What China lacks in liberalism, they make up for in discipline and cohesion. Recent polls reported 85% trust in government policies versus only 25% in the US. They have built an education juggernaut that simply cannot be replicated in more laissez-faire societies. They actively quash addiction through incredibly punitive measures while the US hasn’t come to terms yet with the dangers posed to youngsters by digital media and substance abuse, of which the most addictive emanate from China. Coincidence, perhaps?
Many of our leaders seem to be stuck in a cold war mentality, antagonizing Russia and Iran that are hosts to powerful liberal cultures that could be instrumental in the resistance against the highly effective and disciplined form of authoritarianism on display in China.

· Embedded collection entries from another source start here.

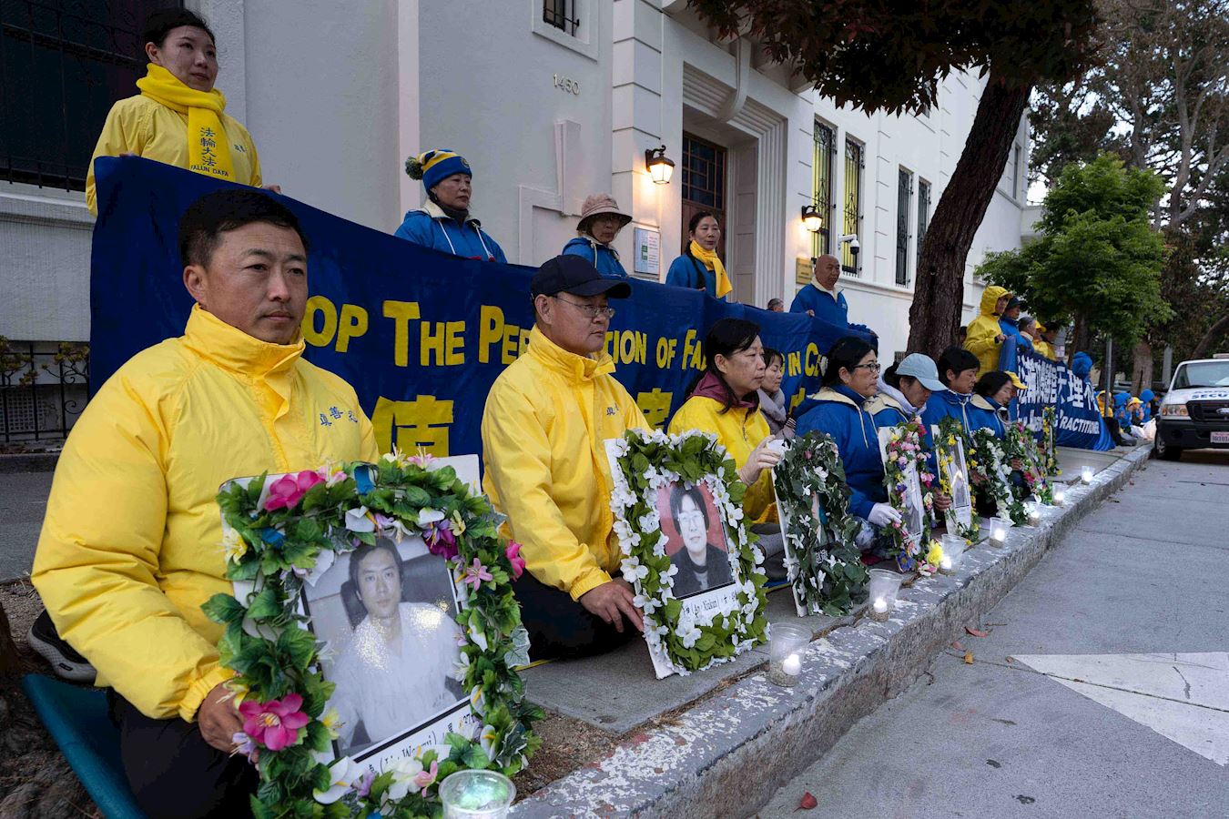 图1~9:法轮功学员在旧金山中领馆前举行烛光夜悼活动
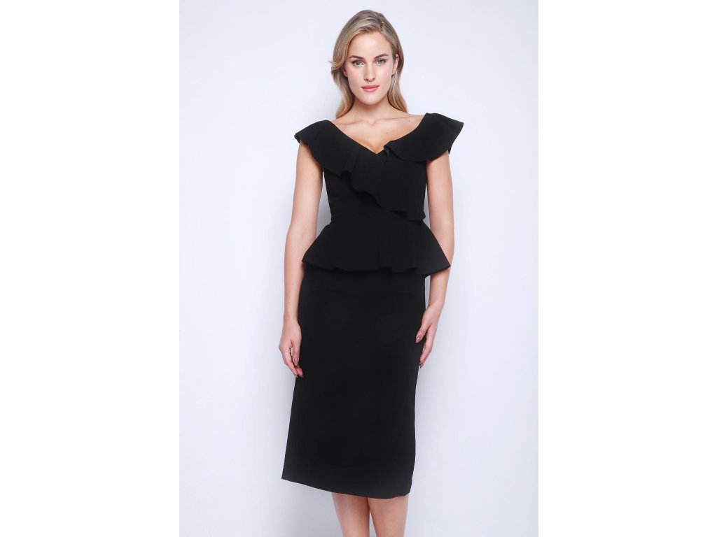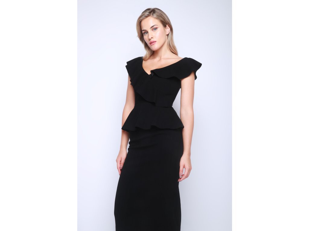 Elegantní černé šaty Rebecca Vallance ve velikosti S/M s volány a peplum střihem, které jsou ideální pro formální večeře nebo do práce.
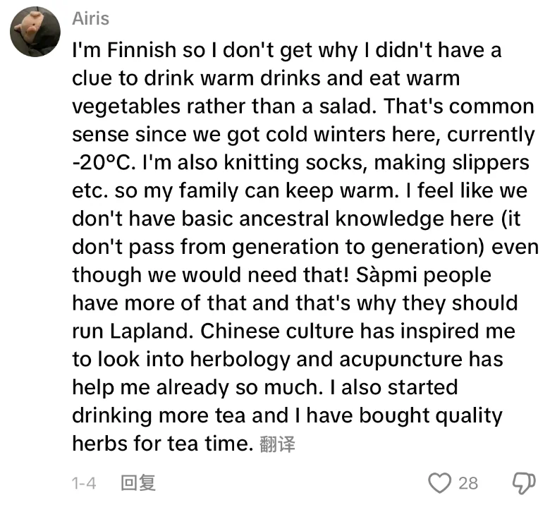 有芬兰的网友说,自己的国家明明这么冷,却从来没有听说过应该喝热饮吃热菜。
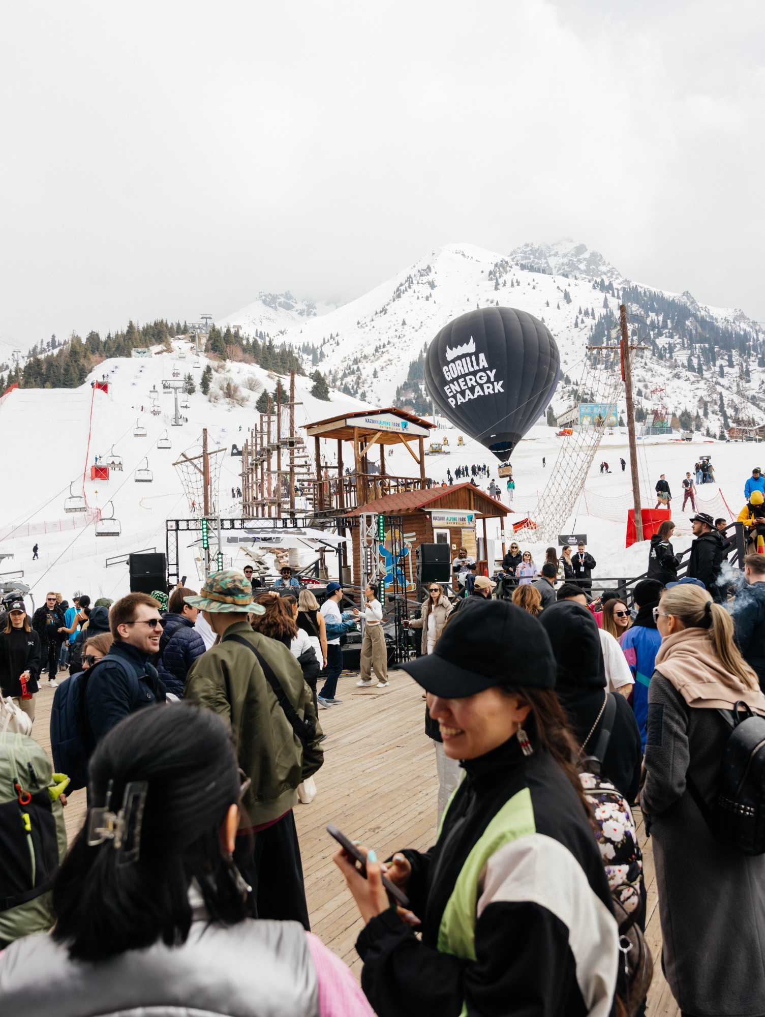 That’s not where GWJ took place though, the 7th year of the biggest freeski event in Central Asia moved to the Shymbulak base this year. With a Big Air Kicker, street-style jib setup and a Ski Jungle Cross course built just for the occasion. The village also put up a hot-air ballon, beerpong tables, popup shops, bars and two music stages that kept the tourists (and me) entertained throughout the 2-day event.
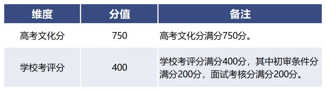 我校根据考生的高考文化分、学校考评分等维度进行多元加权综合评价,形成综合评价分,评价方法如下:
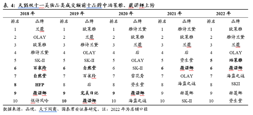 在高端美妝市場,國際品牌的地位或許在很長的一段時間內(nèi)都很難被撼動。拿今年天貓雙十一美妝品類成交額前十品牌看,國貨品牌僅有珀萊雅、薇諾娜擠進(jìn)榜單第五、第六,Euromonitor數(shù)據(jù)顯示,自2019年以來,高端化妝品市場份額前三位置就被歐萊雅、雅詩蘭黛、LVMH牢牢把持,2021年上述品牌市占率分別達(dá)18.4%、14.4%、8.8%。
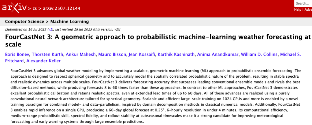 相关研究成果以「FourCastNet 3: A geometric approach to probabilistic machine-learning weather forecasting at scale」为题,发表于 arXiv。
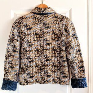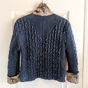 Handmade UBU Slate Blue Grey Tan Reversible Full Zip Crinkle Puffer Jacket
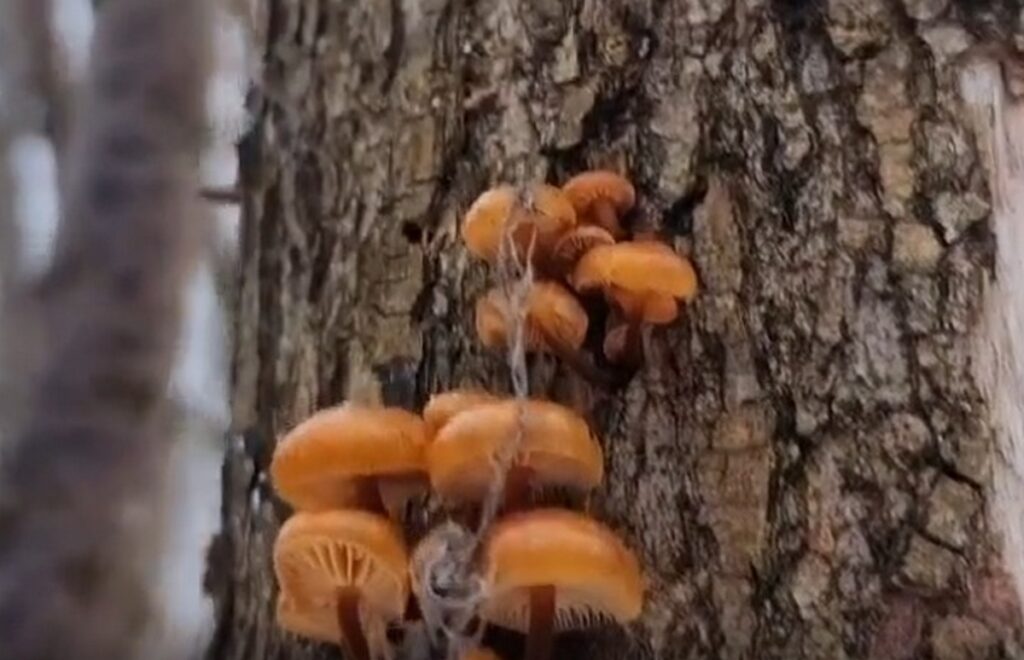 В пятиминутном видео мужчина шаг за шагом идёт по лесу по колено в снегу, осторожно обходя снежные сугробы и ветки. И вот чудо: даже среди зимнего пейзажа на деревьях и валежнике начинают пробиваться грибы.
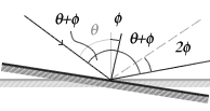 Consider a plane-mirror and a fixed incident ray of light reflecting from the surface at an angle θi. Before the mirror has rotated, the angle of incidence is θ as is the angle of reflection. If the mirror is rotated through an angle φ the normal is rotated by an angle &phi and thus the angle of incidence increases to θ +φ. Therefore, the angle of reflection must also increase by φ to θ+φ The difference between the final angle of reflection and the initial angle of reflection and is 2φ
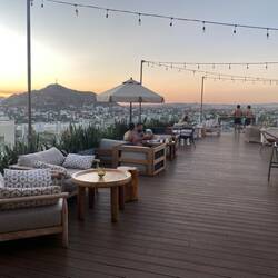 Después de Playa Santa María nos vinimos a este rooftop del resort Cabo Villas. Venimos a ver el atardecer en la despedida. En frente de las priedras del Pacifico vemos la paleta de colores para que quede en nuestra memoria esta belleza por siempre, tanto lo visual como sensorial esas experiencias vividas. Nadie te quita lo bailaó jaja. Además de ver el atardecer, nos tomamos un cocktail y comimos tacos. El lugar perfecto para despedir nuestro viaje. Adios Baja! Volveré.Read more
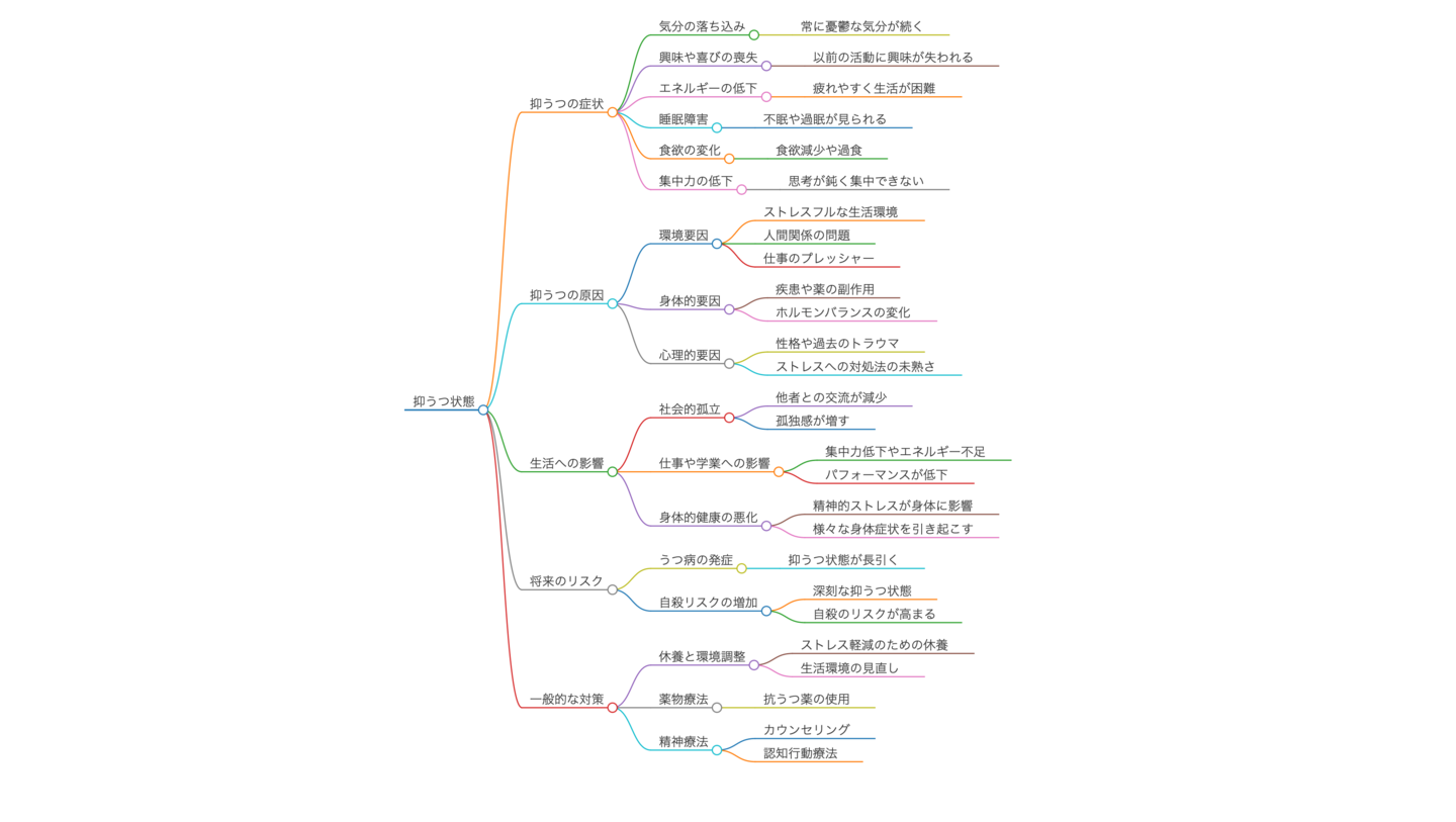 - 自殺のリスク: 重度の抑うつは自殺念慮や自殺行動につながることがあります。
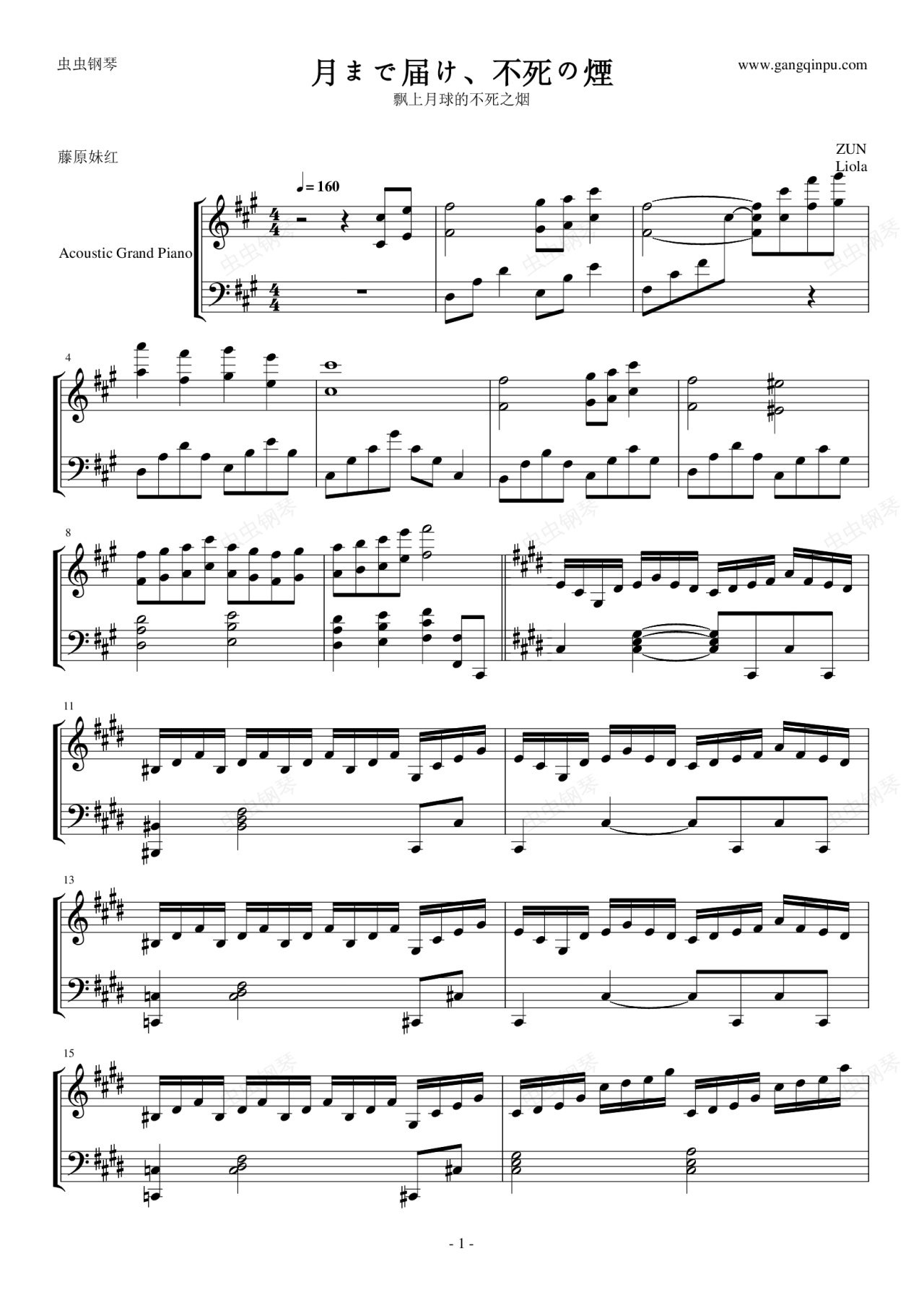 钢琴谱:【东方永夜抄】月まで届け、不死の煙
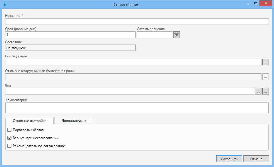 • Параллельный этап – флаг выставляется в случае, если текущий этап согласования должен проходить параллельно (актуально, если в поле “Согласующие” указано более одного согласующего);
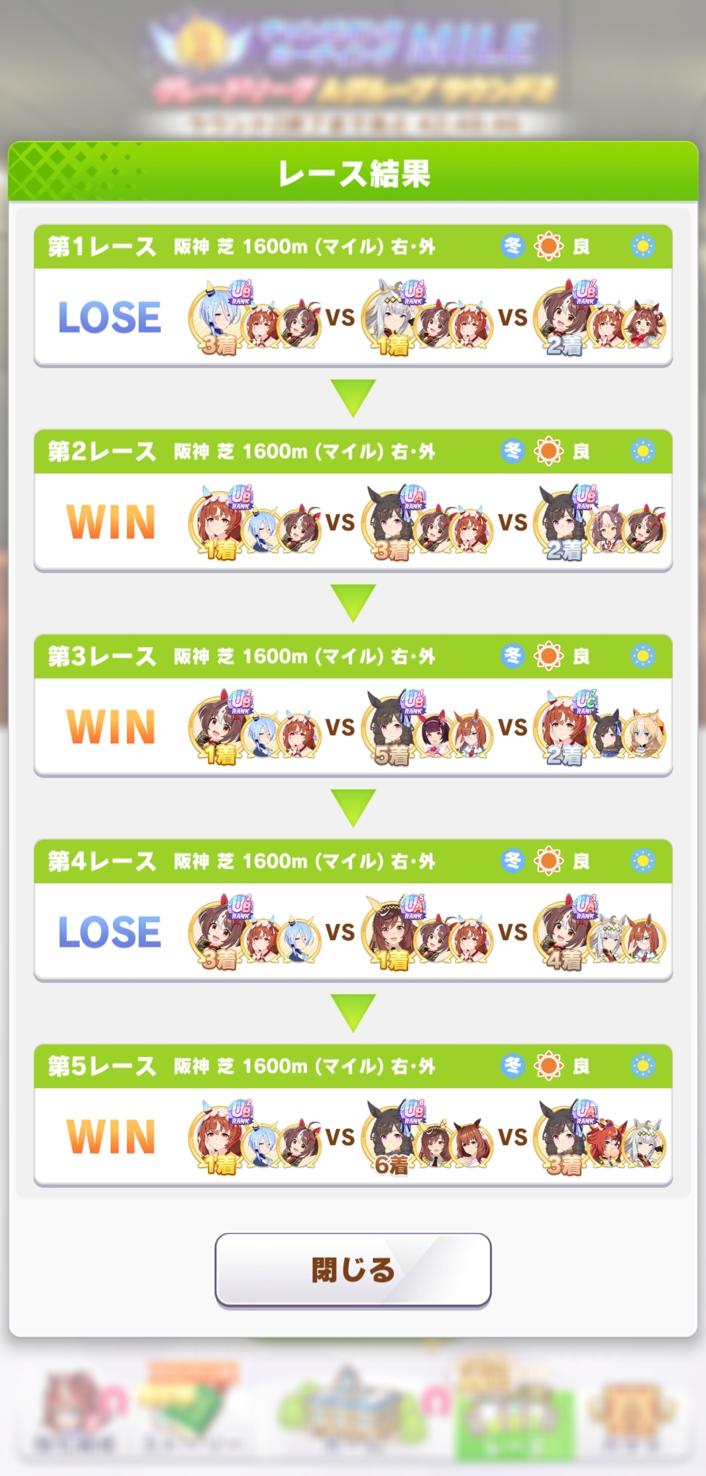 | … | 19725/12/23(火)17:53:53 ID:BkD8AAlwNo.1385428192+惜しい出来のマイルちゃんを妥協して投入したはずが割と勝ってAケツ行けましたけどマイルだと本当に強いですねマイルちゃん |

China has a tremendous number of internal problems, from cratering birth rates, to lack of natural resources to centralized decision-making. Xi Jinping is a formidable leader and the Chinese people are exceptional. And together they have been through a pit of misery that very few in the West can even imagine. Trade tariffs and economic meltdowns do not keep them up at night.
As China gets stronger, they will bristle at their limited access to resources and a world order established under American hegemony. They are brewing a particularly dangerous cocktail of nationalist socialism with an unhealthy side of xenophobia and disregard for human life. Expansionism is almost guaranteed and the world will have to bend without breaking to accommodate. The fight for the 21st century is on. Let’s keep it clean.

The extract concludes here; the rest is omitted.